A correct diagnosis of these infections, as well as proper vaccination protocols, adequate medication and the possibility to treat the more serious symptoms (such as dehydration) in a hospital, can all prevent these dangerous illnesses from worsening and spreading, especially when it comes to children. Teachers, cooks, and all those who work in community service need to be made aware of these risks and of the fact that cleanliness and hygiene are essential in order to keep children healthy and to save a lot of money and resources! A small investment in prevention means that a great deal of money is not spent treating easily avoidable illnesses.
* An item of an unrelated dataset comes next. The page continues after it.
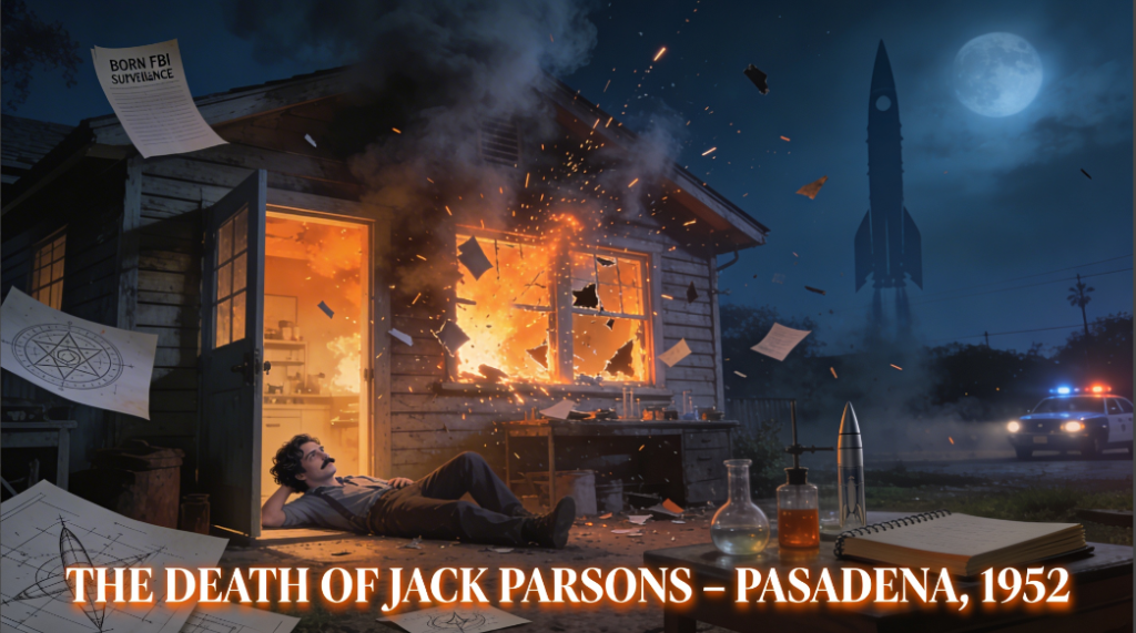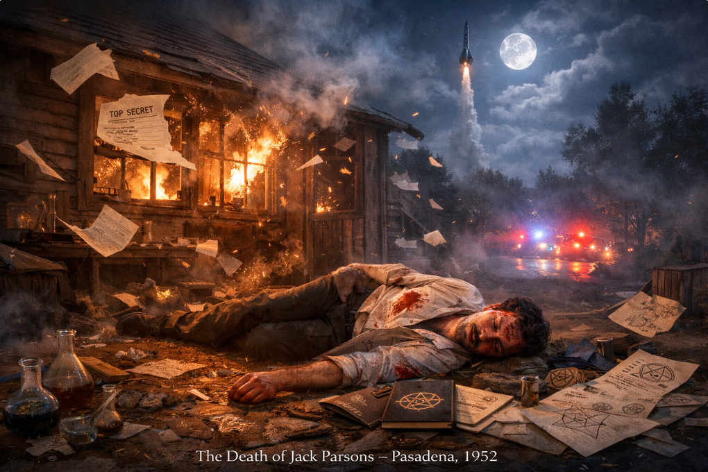 Parsons died in June 1952 in an explosion at his home laboratory. He was thirty-seven. The official cause was the mishandling of fulminate of mercury. By then, the FBI had targeted him, stripped his security clearance, and noted his public discussions of the occult-aerospace connection. The convenient death pattern running through this entire series also affects Parsons.

Finally, Ms. Andry, Responsible for the district’s Vaccination Service, highlighted the importance of vaccines as a preventative measure, as stated by the WHO, and talked about how difficult it is to put in place proper vaccination campaigns in the country (such as the latest one promoted by the Health Ministry, against polio). This presentation was followed by a lively debate on a new service that we started offering in the last few weeks: the HPV vaccination to prevent cervical cancer, free for girls aged 10 and 11. A lot of technicians and healthcare operators were curious about this procedure; there is a lot of interest in this issue and there definitely is a strong need to explain what HPV is, how it is transmitted and how important it is to get girls vaccinated in order to prevent uterine cancer. The discussion on this topic was very long and interesting, and it highlighted that HPV and STDs in general are definitely something that the general public is interested in. We may plan a training program in the future about this topic, because our staff already has rather a good “technical knowledge” of it thanks to Prof. Rivasi’s training course last year.

There is a strong need for training courses, technical support, refreshers courses about healthcare and health-related projects here in Madagascar: even the public healthcare institutions recognize this and support our initiatives. Dr. Bakoly, the regional Head of the Public Health Service, also sponsored our activities this time. We all highlighted the importance of training and supporting the local personnel, the technicians, and most of all the young people that we are investing on, in order to make our projects happen. We could have state-of-the-art, modern, expensive equipment but, with no technicians able to use it properly, it would be a waste.

Training and teaching is an essential goal for our NGO and Foundation, it is fundamental in order to guarantee that our projects will be sustainable in the long term. In the future, young people, especially those who we are helping with training and education (one of the technicians in our team is currently attending a Master in Cytology at the Modena University!) will be able to manage the health services that are currently under our management. The Rex center was created FOR the Malagasy population and will have to be managed BY the Malagasy population. What we are doing is simply laying the groundwork for the future, building the knowledge and the skills of these young Malagasy people who represent the future.